Joseph S. Harris and the U.S. Northwest Boundary Survey, 1857-1861

Anne P. Streeter

Publisher: Trafford Pages: 463 Price: (paperback) $21.10 ISBN: 9781466936218 Reviewed: October, 2012 Author Website: Visit »

The 1850s were a busy time in the United States. In the aftermath of the Mexican War came the California gold rush, futile attempts to defer the slavery question, Indian wars, westward expansion, northern industrialization and the resolute march toward the Civil War. Lost in this torrent of events was the solution of the northwestern boundary issue between the United States and Great Britain, involving the border between Canada and what was then the Oregon Territory.

Anne P. Streeter fills that gap with entries from the unpublished memoir of Joseph Harris, her great grandfather and member of the American survey team, which she unearthed in her mother’s attic. These she embellishes with letters and diaries discovered at Yale from Harris and some of his companions, leading to a full portrait of hardship, resolution, adventure, and, ultimately, success.

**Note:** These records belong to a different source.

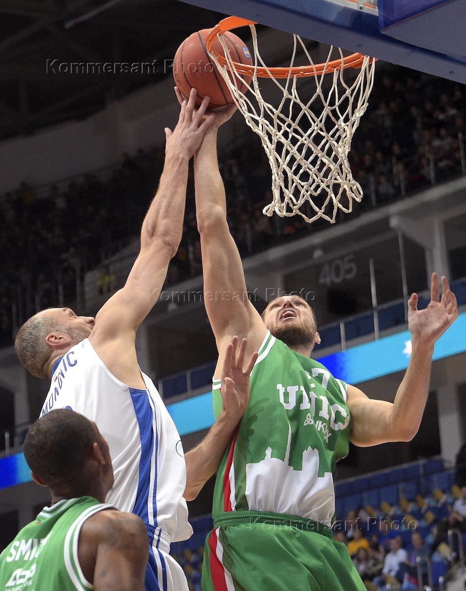 "Финал Четырех" Единой Лиги ВТБ по баскетболу. Матч за третье место между командами УНИКС (Казань) и "Зенит" (Санкт-Петербург) прошел на арене "ВТБ Ледовый Дворец". Игроки команды УНИКС Евгений Колесников (второй слева), Стефан Ласме (справа), игроки команды "Зенит" Шейн Уиттингтон (второй слева) и Марко Симонович (слева) во время матча.
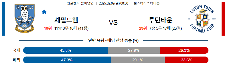 셰필드 웬즈데이는 최근 5경기에서 2무 3패를 기록하며 부진한 흐름을 보이고 있습니다. 특히 최근 2경기 연속으로 무득점에 그치며 전력 붕괴 수준의 상황에 직면해 있습니다. 이러한 상황에서 팀의 사기가 저하될 수 있지만, 홈에서의 경기는 항상 다른 양상을 보일 수 있습니다.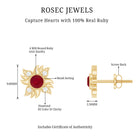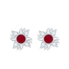 This Sunburst Stud Earrings is embellished with Round Shape Ruby is set at the center in a Bezel Setting and round shape Diamond are set as floral pattern.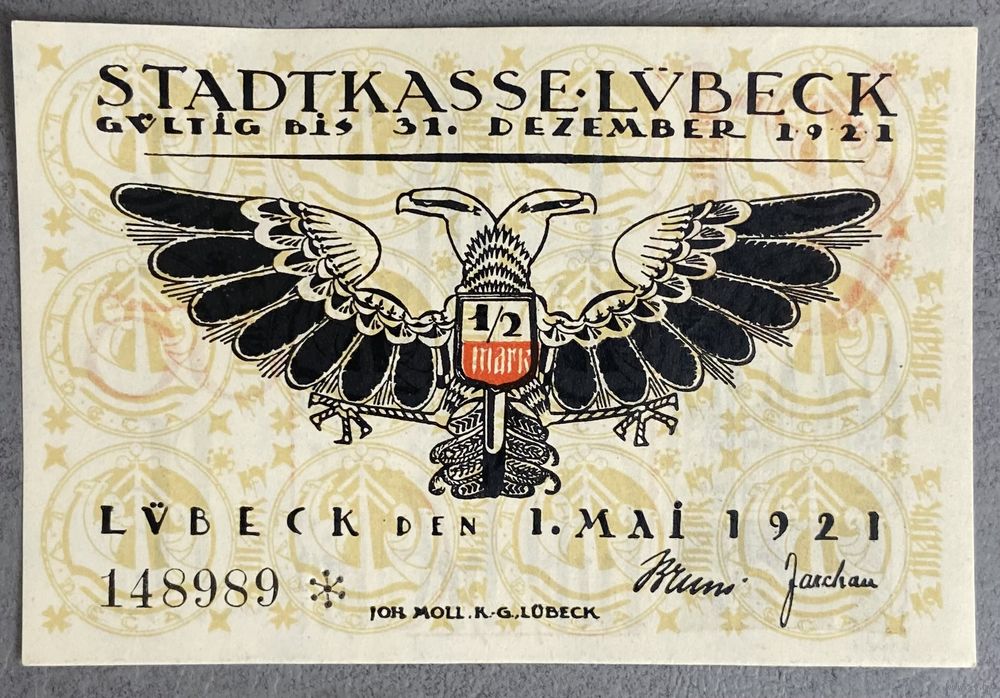 Нотгельд 50 пфеннигов 1921 год. Любек,. Веймарская республика

Although the book is crowded with details that may interest few beyond professional historians (i.e. “Because of the .64 seconds difference …between the two Commissions’ measurements, … they started with different Azimuths ….”), the basic story is fascinating. We learn, for instance, about the chaotic early years of the Western migration, how rumors of gold disrupted the party’s scientific work, of changing relations with the local Indians, and of the role whiskey played in the expedition’s less rigorous moments. Probably most interesting to general readers are the atmospherics of time and place, as when suspected volcanic eruptions turn out to be giant trees falling in the forest, when the party witnesses a solar eclipse, or when Harris describes the grandeur of the Cascades and his struggle to fight his way through a blizzard.

Illustrated with watercolors and drawings by James Madison Alden, the expedition’s official artist, as well as with maps and photographs of many of its members, the book sheds light on a previously shaded corner of American history. Those who can get past the often-dense information will find much to consider here.

Also available in hardcover and ebook.